The Kate Sharpley Library (or KSL) is a library dedicated to anarchist texts and history. Started in 1979 and reorganized in 1991, it currently holds around ten thousand English language volumes, pamphlets and periodicals.


Namesake
The Kate Sharpley Library was named after a Deptford-born World War I anarchist and anti-war activist. She worked in a munitions factory and was active in the shop stewards movement. Her brother William Sharpley and her father were killed in action and her boyfriend was listed as missing believed killed (though she suspected he had been shot for mutiny). At the age of 22, when called to receive her family's medals from Queen Mary she threw the medals back at the Queen, saying "if you like them so much you can have them".

The Queen's face was scratched, Kate Sharpley was beaten by police, and imprisoned for a few days, though no charges were brought against her. She did however lose her job. After marrying in 1922, she dropped out of anarchist activities until a chance encounter with Albert Meltzer at a train station during an anti-fascist action. This led to her meeting many younger activists and so, when Brixton anarchists came to name the archives they had collected from the movement, her name was chosen in preference to a more famous one.

Holdings 
The library has texts in English and other languages, near complete collections of several anarchist newspapers, and collections of reports and literature from various anarchist organisations. The library is maintained by donations and money made from sales of pamphlets and other publications. As of 2014 it was receiving one or two in-person visits per month and the bulk of the research requests arrived by email.

Locations
The library was begun in the squatted 121 Centre in Brixton, London in 1979 by a collective which included Albert Meltzer. It had both lending and reference sections. When the centre was raided in 1984, the archive was moved to a different squat for safety.
When the library was moved to the safety of Barry Pateman's home in 1991, the focus shifted towards being a special collection and archive.
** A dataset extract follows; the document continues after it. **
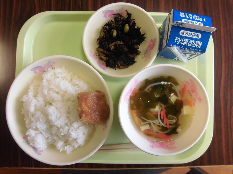 メニュー:ひじきごはん(ごはん、ひじきごはんの具)、すまし汁、揚げだし豆腐、牛乳
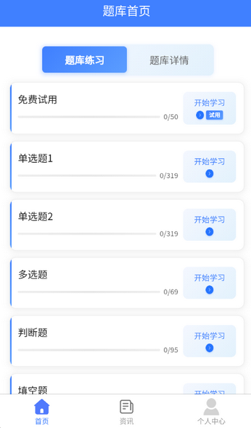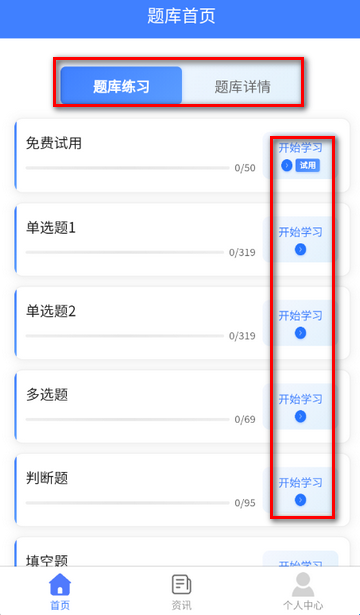 3、进入首页,可开始刷题,也可以查看错题等

After being located in Northampton between 1991 and 1999, the library was moved again, this time to a renovated barn at the home of Barry Pateman and Jessica Moran in California.

Publications
As well as preserving the physical artifacts of anarchist history, the library also publishes books and pamphlets on anarchism and anarchist history, covering many subjects that would otherwise be forgotten. Its activities are recounted in its regular Bulletin, available online and by mail to its financial supporters.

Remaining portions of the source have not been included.